*** INPUT DATA ***
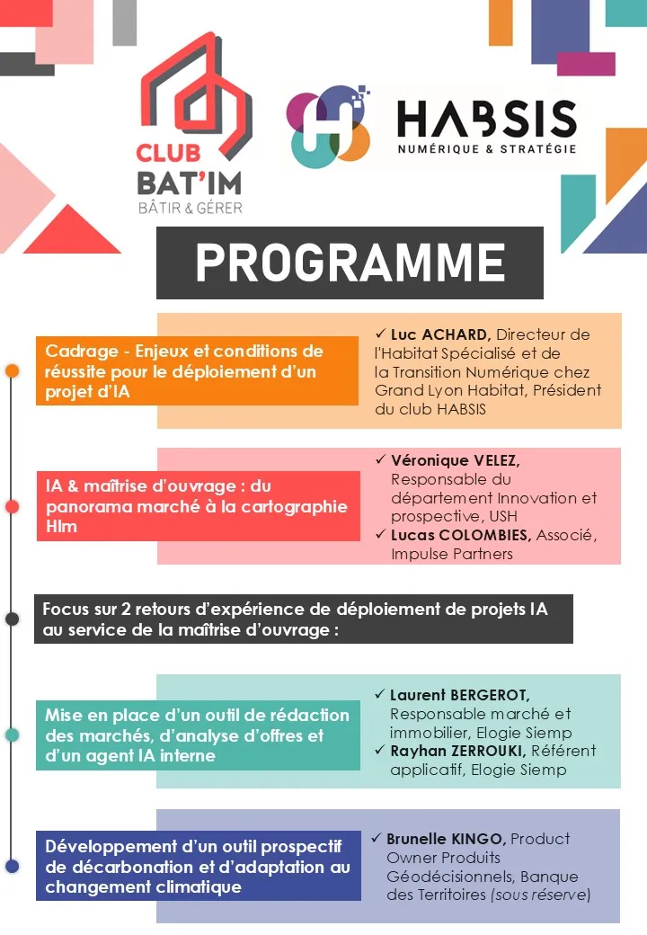 Les clubs BAT'IM et HABSIS vous proposent de décrypter ces enjeux et partager des retours d’expérience autour des usages émergents de l’IA dans la maîtrise d’ouvrage.
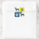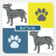 Bull Terrier Dog Silhouette & Paw Y&B Grid Quadratischer Aufkleber
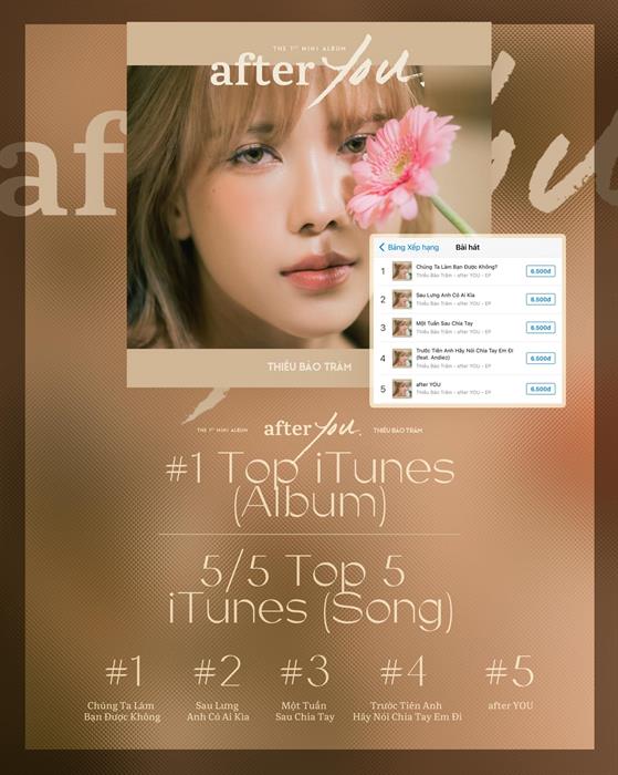 Mini album ‘after YOU' được Thiều Bảo Trâm phát hành vào ngày 7/6, nhanh chóng leo thẳng Top 1 BXH Album được nghe nhiều nhất của iTunes Việt Nam. Cả 5 ca khúc trong mini album cũng lần lượt giữ vị trí Top đầu BXH Ca khúc được nghe nhiều nhất của iTunes Việt Nam. MV “Chúng Ta Làm Bạn Được Không?” trụ nhiều ngày ở vị trí Top 5 Trending Music của YouTube Việt Nam, với hơn 2 triệu lượt xem và hơn 53 nghìn lượt yêu thích.
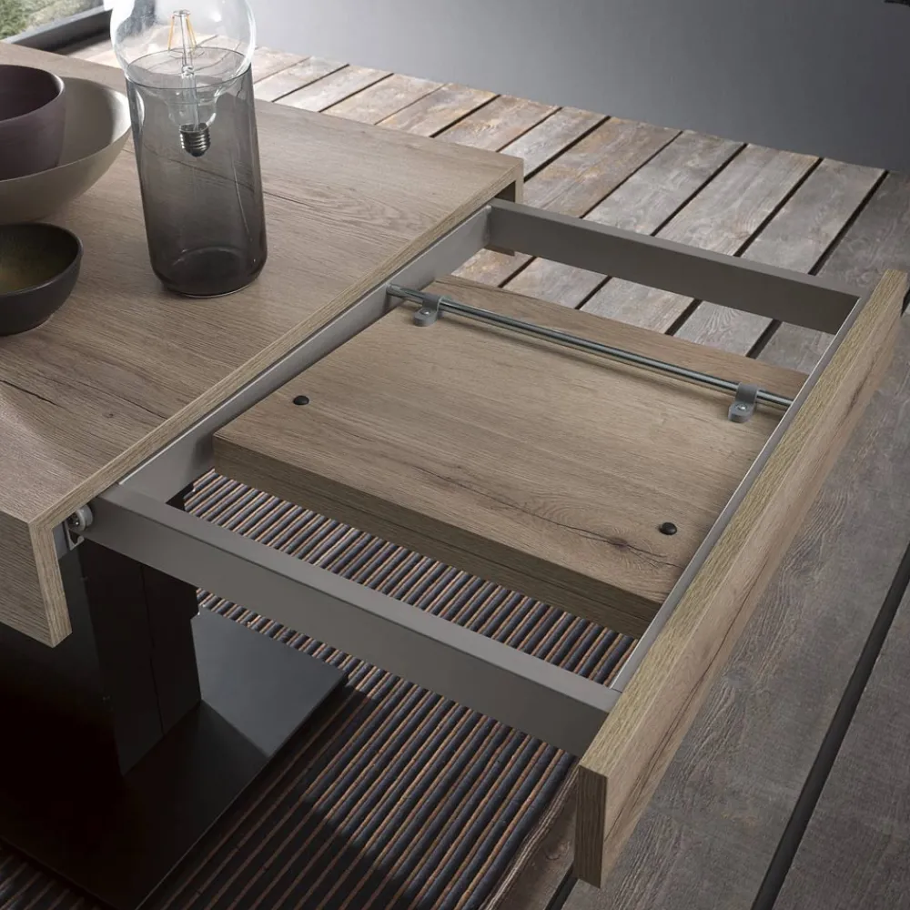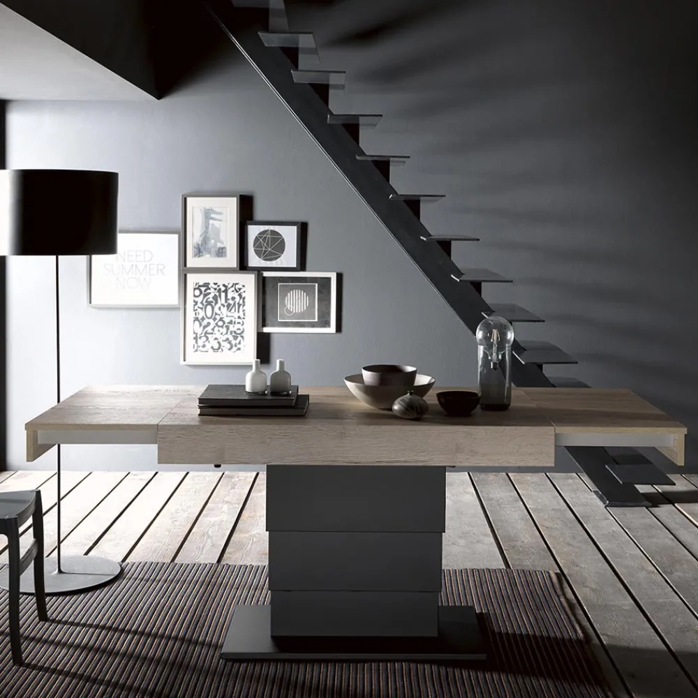 Verwandelbarer Couchtisch aus Holz und Metall. Hergestellt in Italien.
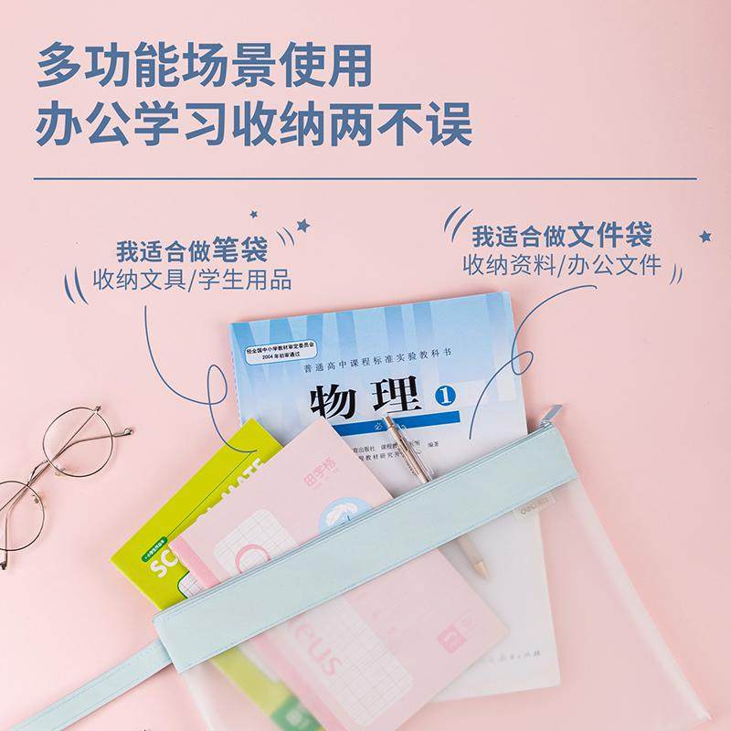 得力文件袋大容量防水拉链袋TPU学生试卷科目分类袋a4资料收纳袋
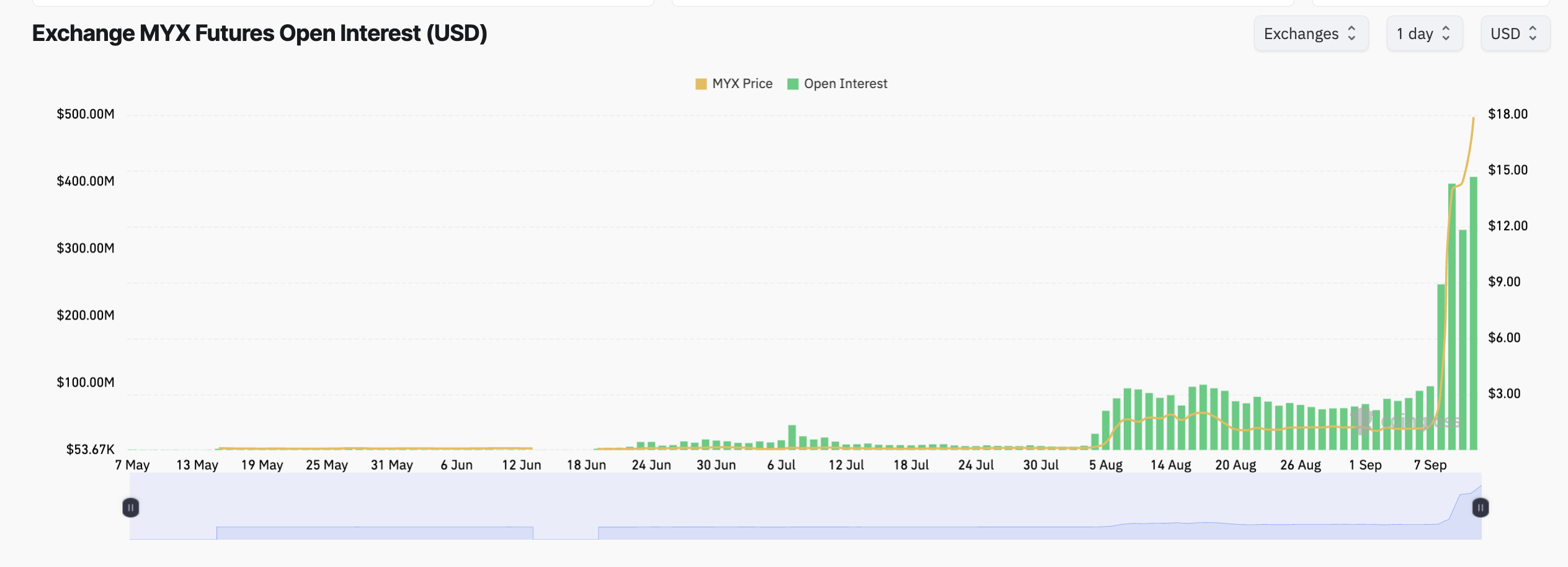 Myx Finance (MYX) haftada yaklaşık yüzde 1.400 patladı ve Çarşamba günü 18.42 $ 'lık tüm zamanların en yüksek seviyesine yükseldi.
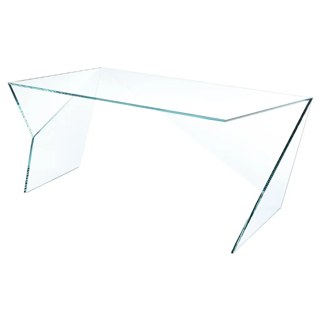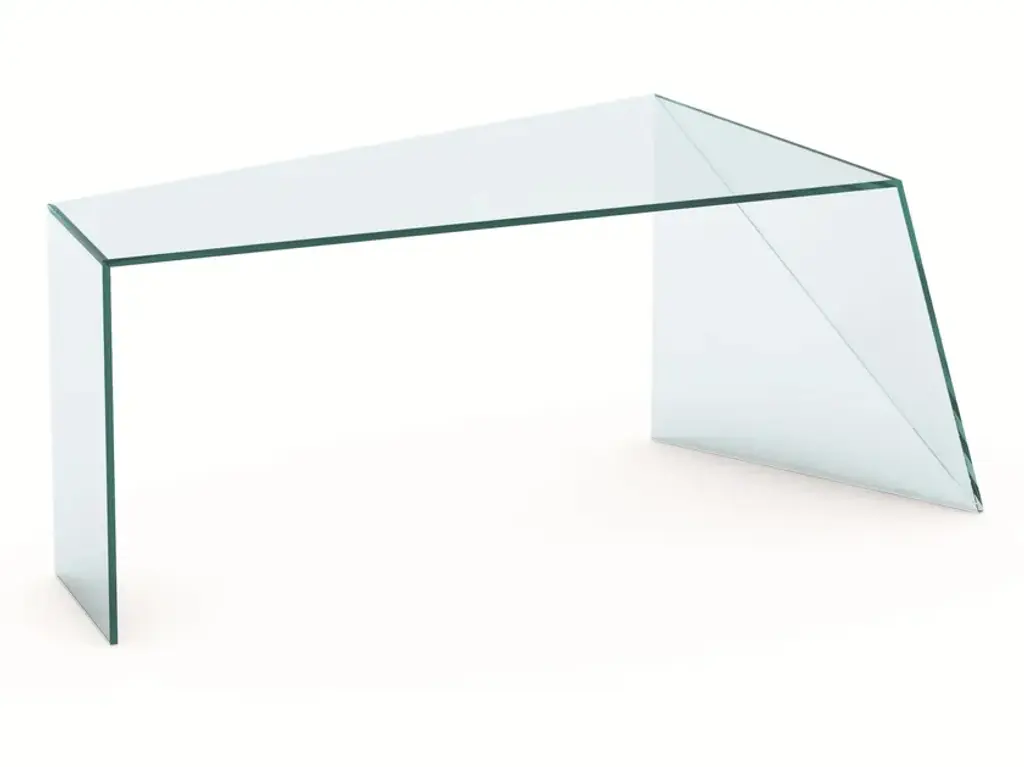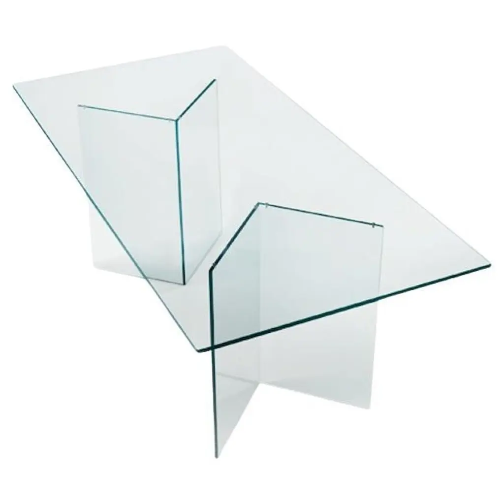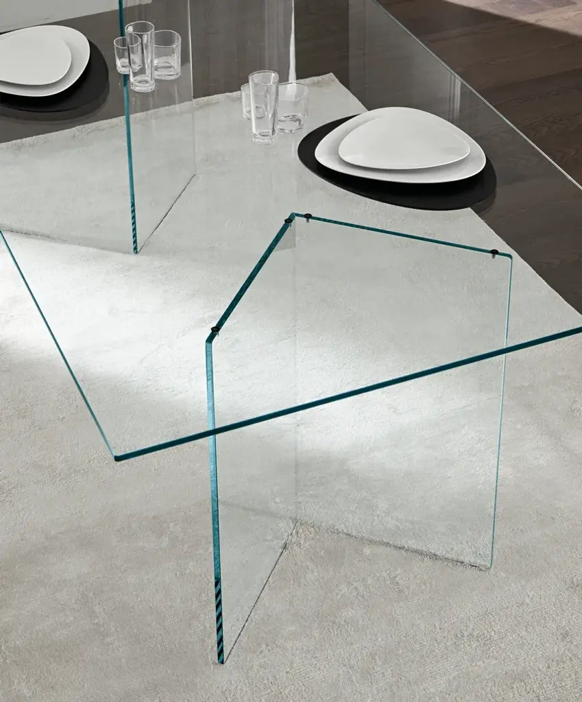 The glass table Bacco is composed of a top available in transparent, extra clear or smoked glass and of a base made of two mirroring glass supports that rest on the floor. Its clean lines are particularly suited for minimalistic decors because they do not burden the environment. The transparency makes the room brighter and creates a broader effect. Perfect for luxury studios and offices, dining rooms and lounges, the glass table Bacco can be ordered in different sizes according to needs. The glass of this designer table is resistant and tempered, which makes it also suitable for working areas and dining rooms.
*** End of INPUT DATA ***
• _TASK OBJECTIVE_
Set down the data again, exactly, without images.

• _REPLY TO THE TASK_
 Les clubs BAT'IM et HABSIS vous proposent de décrypter ces enjeux et partager des retours d’expérience autour des usages émergents de l’IA dans la maîtrise d’ouvrage.
 Bull Terrier Dog Silhouette & Paw Y&B Grid Quadratischer Aufkleber
 Mini album ‘after YOU' được Thiều Bảo Trâm phát hành vào ngày 7/6, nhanh chóng leo thẳng Top 1 BXH Album được nghe nhiều nhất của iTunes Việt Nam. Cả 5 ca khúc trong mini album cũng lần lượt giữ vị trí Top đầu BXH Ca khúc được nghe nhiều nhất của iTunes Việt Nam. MV “Chúng Ta Làm Bạn Được Không?” trụ nhiều ngày ở vị trí Top 5 Trending Music của YouTube Việt Nam, với hơn 2 triệu lượt xem và hơn 53 nghìn lượt yêu thích.
 Verwandelbarer Couchtisch aus Holz und Metall. Hergestellt in Italien.
 得力文件袋大容量防水拉链袋TPU学生试卷科目分类袋a4资料收纳袋
 Myx Finance (MYX) haftada yaklaşık yüzde 1.400 patladı ve Çarşamba günü 18.42 $ 'lık tüm zamanların en yüksek seviyesine yükseldi.
 The glass table Bacco is composed of a top available in transparent, extra clear or smoked glass and of a base made of two mirroring glass supports that rest on the floor. Its clean lines are particularly suited for minimalistic decors because they do not burden the environment. The transparency makes the room brighter and creates a broader effect. Perfect for luxury studios and offices, dining rooms and lounges, the glass table Bacco can be ordered in different sizes according to needs. The glass of this designer table is resistant and tempered, which makes it also suitable for working areas and dining rooms.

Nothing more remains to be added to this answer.